I dislike postmodernism, I dislike its key figures like Walter Benjamin and his fragments. I attended a theory school based on his work, and as usual, he is a postmodernist garbage dispenser dressed as something abstract and symbolic. Postmodernity is inherently defeatist, and so is Benjamin, and all the assemblage theory, ANT, Deluzian singularity nonsense that spewed before and after his ‘Arcades Project’. Postmodernity emerged in late-imperial, post-industrial Western society. it shifts the move of progression, something that traditionalist Modernity had held as a key narrative. Postmodernity immediately presupposes an infrastructure stable enough to critique itself endlessly, the flagellation of what had even got us this far. It arises when a civilisation turns its critical apparatus inward with nothing external left to contest.
The problems with Postmodernity, like Postmodernity’s function, are endlessly self-critical. Mirroring the chaos of existence, the ontology of something vastly more complex than our primal state is not the same as surviving with it. Exposing the illusions of social constructs, our desperate need for continuity, and stitching time into narratives serves no ascension. It is the acid that burns through everything; it cannot be contained. It is nihilism on steroids, the suicidal seed of society. Humans are metabolically incapable of living without continuity, yet philosophically tempted to dissolve it. Postmodernities’ fatal escalation is that it begins with a valid critique of narratives, and then claims, ‘If a category is constructed, it is optional.’
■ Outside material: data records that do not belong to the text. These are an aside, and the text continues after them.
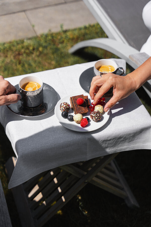 Natalie: Müde, aber auf eine gute Art und Weise. Und ich war tatsächlich total ruhig. Du hörst, wenn du nicht willst, außer den Geräuschen der Natur rundherum gar nichts. Man kann natürlich in der Villa Musik hören, Fernsehen, whatever. Aber wir haben bewusst nicht einmal das Radio eingeschalten, sondern einfach nur Ruhe und Stille genossen. Wenn man, wie wir, ein kleines Kind daheim hat, ist das doppelt erholsam. Man kommt an so einem Tag wirklich total runter, weil man einfach nichts und niemanden um sich herum hat. Dazu kann man vielleicht auch mal Gespräche führen, die man sonst so nicht führt, wenn immer Leute um einen herumwuseln.
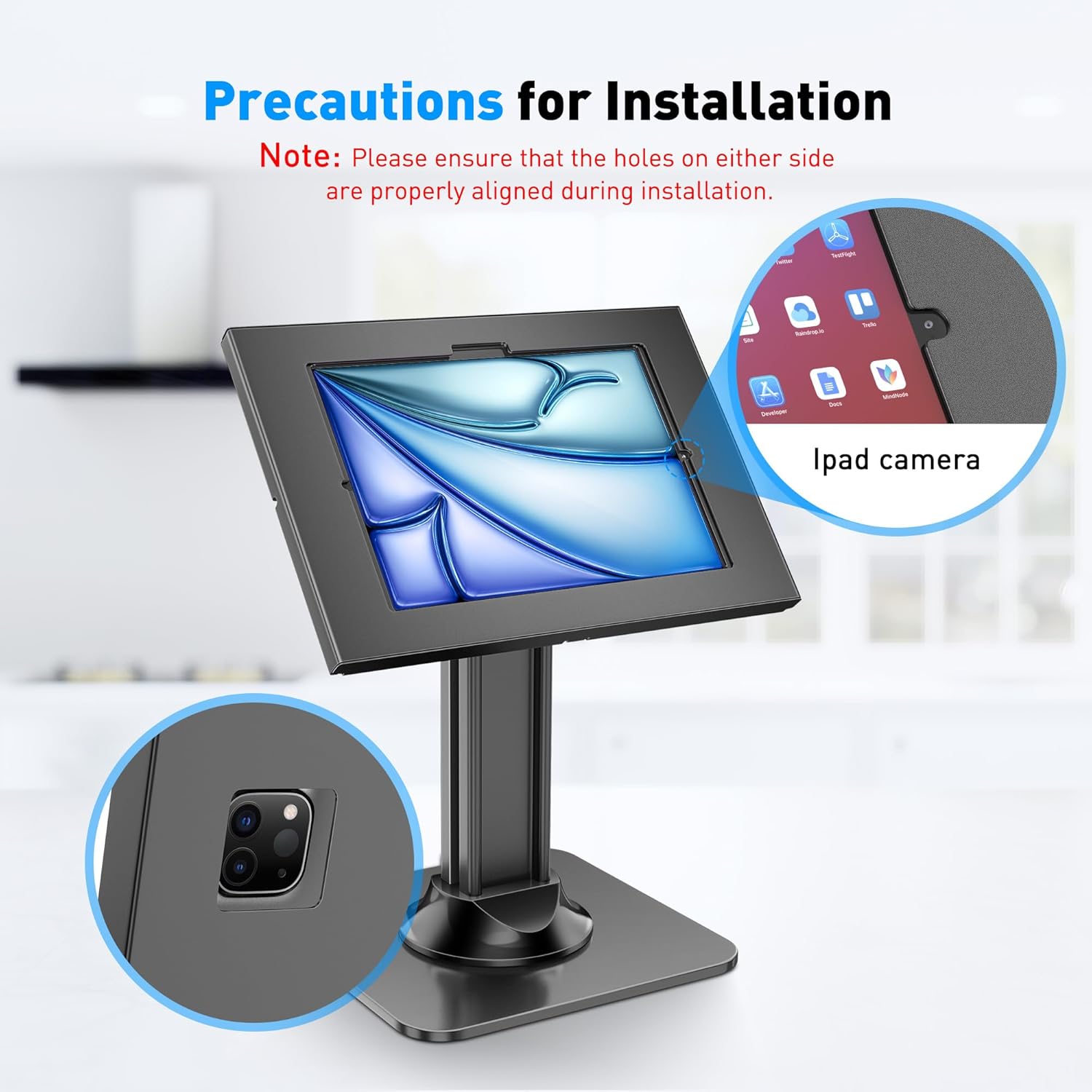 Ultimate Anti-Theft Security: Built as a security tablet stand with a lock-and-key enclosure to deter tampering in busy spaces. Use the pre-drilled holes for countertop mounting—ideal for retail, POS checkouts, and front-desk sign-in stations.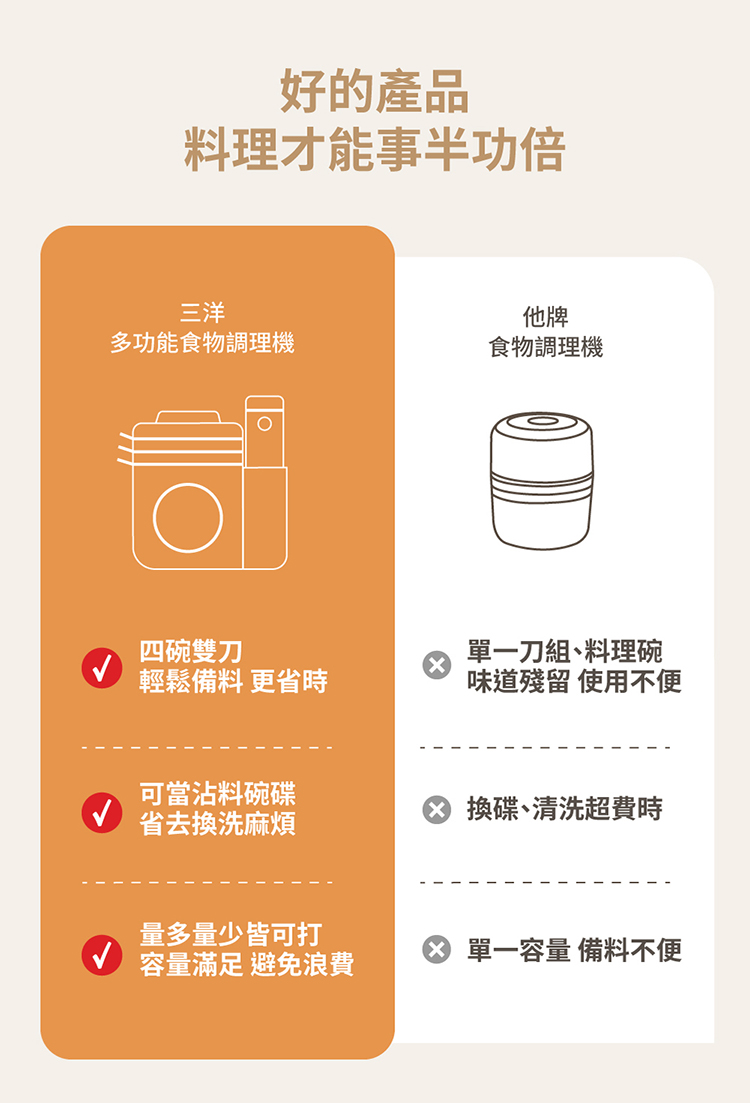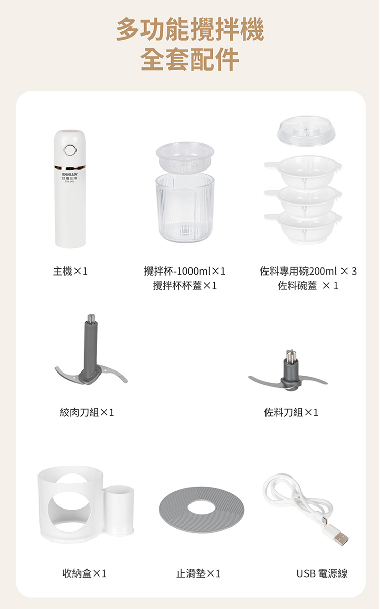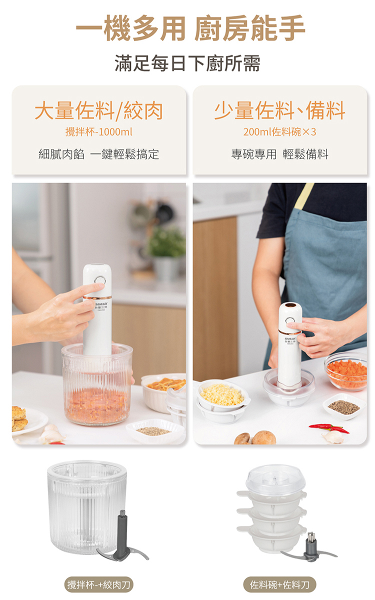 一機多功能,切碎、絞肉、打泥、佐料

If X is socially constructed, X is negotiable; this logic leads to some very dark places. Age and language spring to mind as examples here. The problem is that postmodern logic cannot tell you which layer has priority. So, we rely on two things, consensus and institutional power (Which ironically shifts the consensus more than the latter). The cyanide pill here is named anti-narrative, and we should think hard before swallowing it. What postmodernity actually does is erase natural hierarchy (biology, development, constraint) and replace it with opaque human hierarchies (status, power, enforcement). That is not resisting hierarchy, but deforming it. I am a nihilist to a degree; well, I am ontologically indifferent. I do not deeply care how humanity addresses the dissolution of structure. Everyone can applaud their ancestors’ structural societal cohesion dissolving if that is the move we hairless apes think is the right one. I think there are a lot of hidden agendas at play. Postmodernity certainly seems to be a primarily Western disease, but it’s all conjecture and conspiracy theory there. We are all just a sea of pebbles criticising each other before the tide rolls in anyway. I get the anarchistic idea behind it, though, in a deeper philosophical sense, it is mirroring the chaotic foundations of existence. However, humans cope via the Cartesian demon of continuity, so we are making a cyanide pill for food in trying to emulate the body to which we are less than atoms. Meaning may exist at scales, strata, or regimes that do not consult us; our fiction is the biological load bearer.